Olympia’s Eastside Big Tom Drive Inn has a foot in two worlds. The classic drive-thru hamburger stand is straight out of the 1950s, while its eco-friendly practices make it utterly 21st century.
Folks drive up to the burger shack window to grab breakfast, lunch, or dinner; they can then drive off or eat on site at a colorful outdoor seating area. Once they’re done, about 90 percent of what’s passed through the window is 100 percent compostable.
First, there’s the food. You’ll find fresh, made-to-order burgers, fries, onions rings, chicken strips, hot dogs and more – all of it deep-fried. They also mix up milk shakes and malts in a dozen flavors.
“None of it’s good for you and we don’t claim that it is,” says the gregarious and instantly likeable Michael Fritsch. But it is delicious, and the drive-thru enjoys a loyal fan following.
Michael’s parents, Chuck and Mary Fritsch, bought the place in 1969 from Jim Eagan, son of original owner Millie Eagan. Chuck Fritsch worked at the Eagan family’s stand, a different building in the same location, in his first job, at age 15.
Millie opened the original stand in 1948, naming it In and Out. Coincidentally, the now famous In-N-Out Burger opened the same year in California.
Michael bought Eastside Big Tom Drive Inn from his parents almost three years ago, after a lifetime spent in the 12-foot by 24-foot building. “There are photos of me hanging out in my crib in the back of this place,” Michael says with a laugh. “So I’ve also been here since 1969, off and on.”
The “Inn” in Eastside Big Tom Drive Inn was intentionally misspelled by Chuck Fritsch when he changed the stand’s name in 1969, simply because, according to Michael, “Dad likes to irritate people.”
One wouldn’t expect the owner of a hamburger stand to be vegetarian, but that’s exactly what Michael Fritsch is – most of the time.
“I’m a vegetarian outside of the building, let’s put it that way,” he says.
Michael is occasionally called on to test food items of the non-vegetarian variety (i.e., 99 percent of his menu), such as when Eastside Big Tom made the recent switch to Oregon Natural Meats for its beef patties.
“We switched over to their locally produced, humanely treated, no additives, no growth hormone beef,” he explains.
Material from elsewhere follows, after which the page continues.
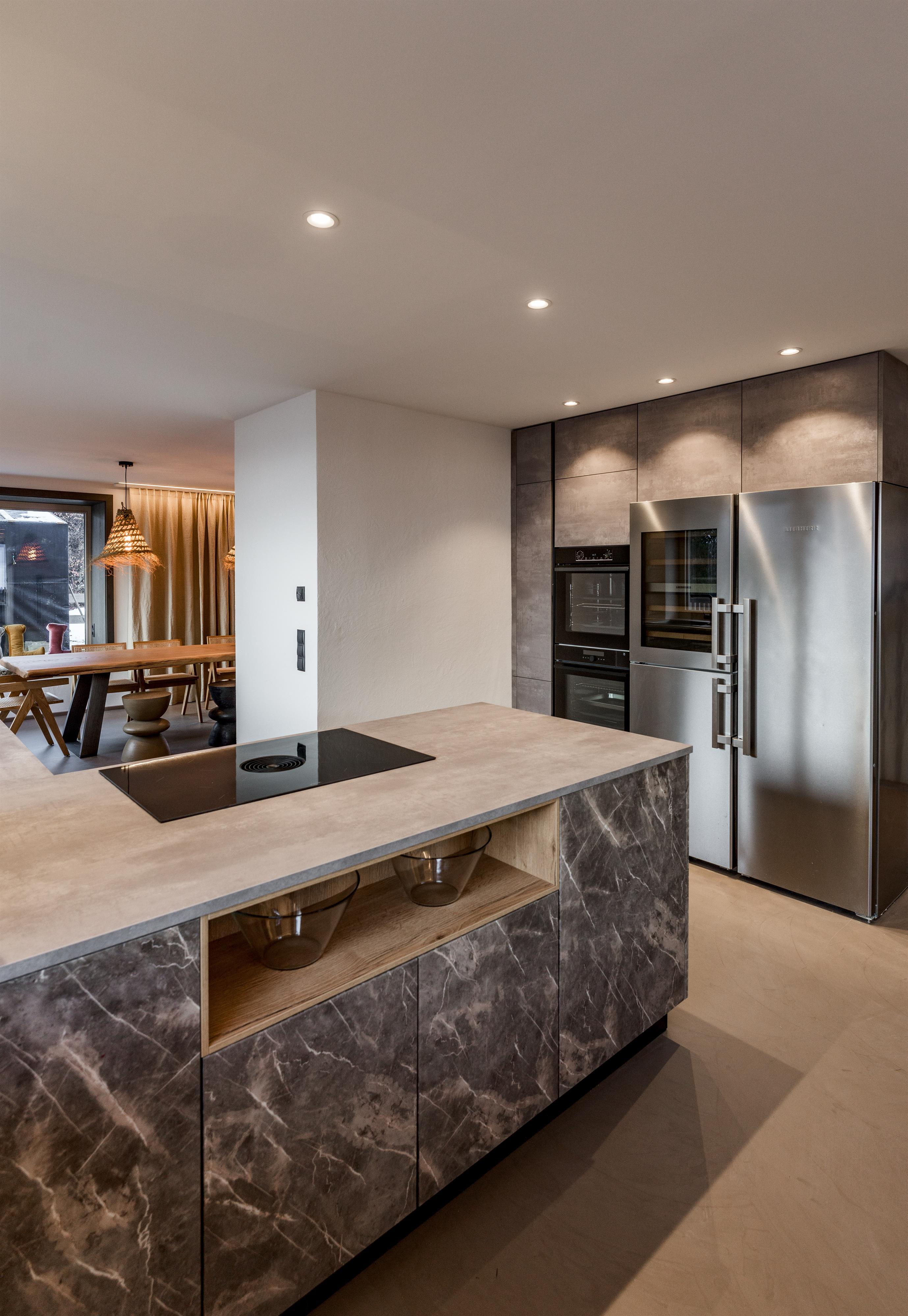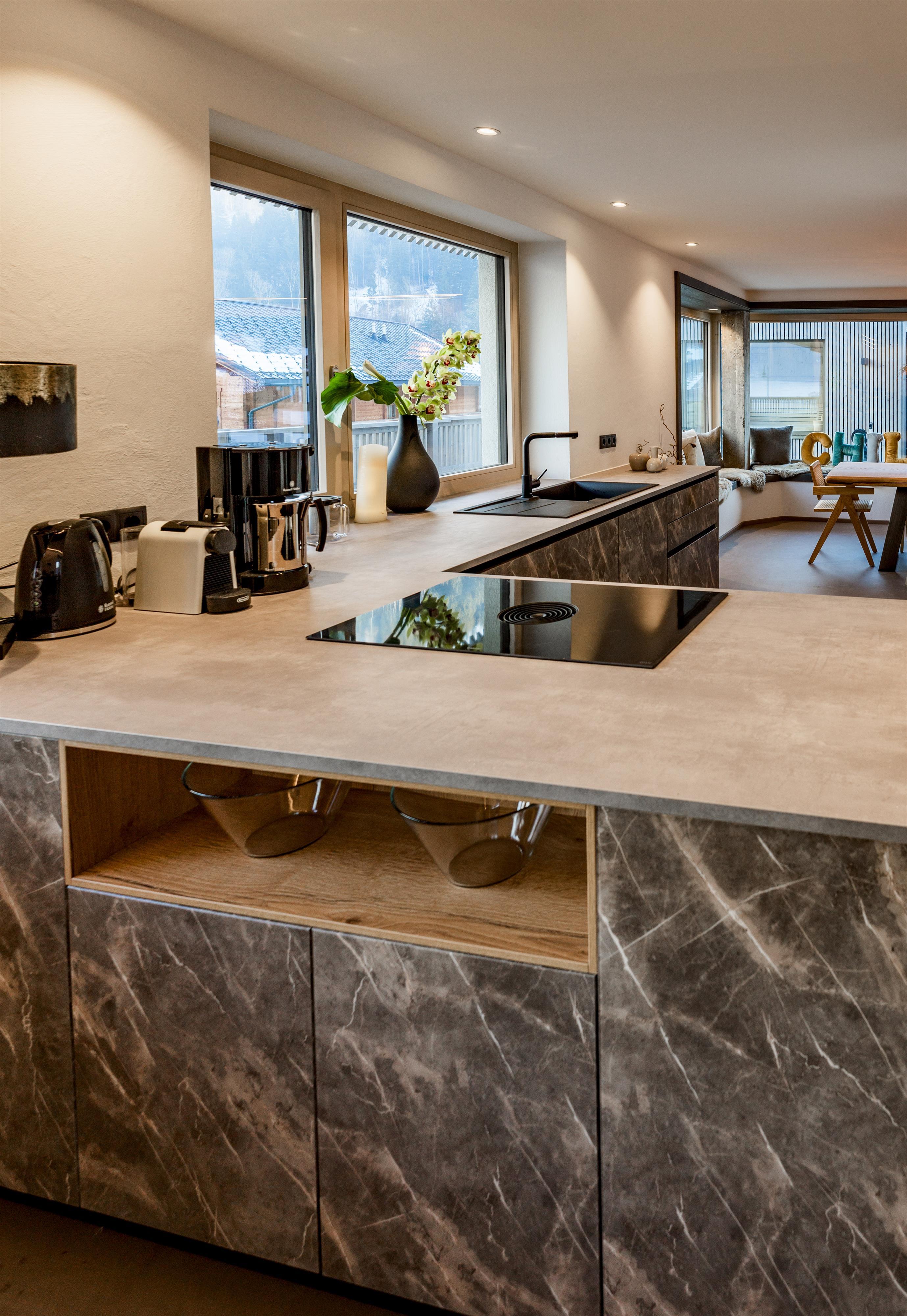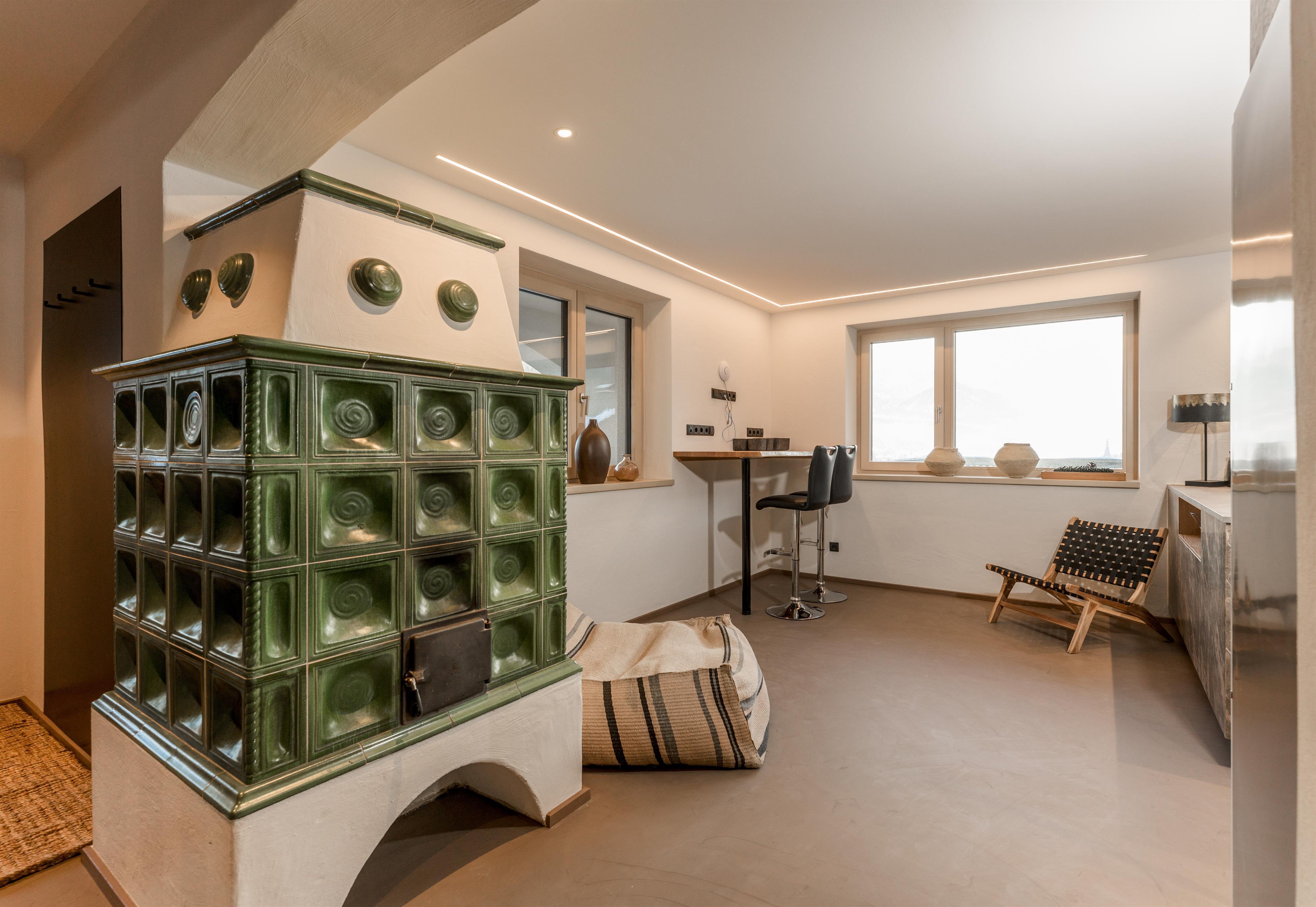 • Eat & Meet & Chill Area mit komplett ausgestatteter Küche, großer Esstisch, XXL Couch, Kachelofen, Medientisch und Smart TV

The Oregon company custom makes Eastside Big Tom’s patties. “We’re the only people in Thurston County with it.”
He hasn’t advertised the new beef yet, but sales have quickly proven the move was a positive one.
“We’ve been doing it for two months now and sales of our beef went from 500 pounds a week in patties to 700 pounds – in a month,” Michael says.
Eastside Big Tom offers a mean burger, but also serves up a chicken sandwich, fish sandwich, hot dogs, chicken strips, clam chowder, and more. Sides include crinkle-cut french fries, tater tots, or onion rings.
Breakfast fare is back after a 20-year hiatus, with deep-fried egg-sausage-bacon-and-cheese-heavy sandwiches fittingly dubbed the “Heart Stopper,” “Blockage,” “Close Call,” and “Light Weight.”
There are a couple of ostensibly “healthier” lunch and dinner items on the menu. Vegans and vegetarians can substitute beef or chicken with a Boca burger or soy-basked chicken product.
“We cook the Bocas for exactly two minutes and 15 seconds, which cooks them exactly all the way through, instead of the eight minutes to grill them,” explains Michael.
Why the need for speed? “Everything has to be speed-based, that’s why my breakfasts are all deep-fried, too.” I’m competing with places like McDonald’s and Burger King that make their food up ahead, which I don’t do, so I had to come up with a way to make a sandwich in two minutes or less, and fresh.”
What many folks don’t always realize is that, done properly and in the correct amount of time, deep-fried foods fried don’t actually absorb all that much grease.
Anything you order at Eastside Big Tom – well, maybe skip it for the breakfast items and clam chowder — can be slathered or dipped in Eastside Big Tom’s Goop sauce. Millie developed the concoction back in 1948, made up of mayonnaise, mustard, salad dressing, and sweet pickle relish.
Michael swears it’s addictive. “The color can be off-putting because it’s a funky yellow, but you taste it and a minute later your mouth is like, ‘Hey, I’ll take a little more of that if there’s any left,’” he jokes.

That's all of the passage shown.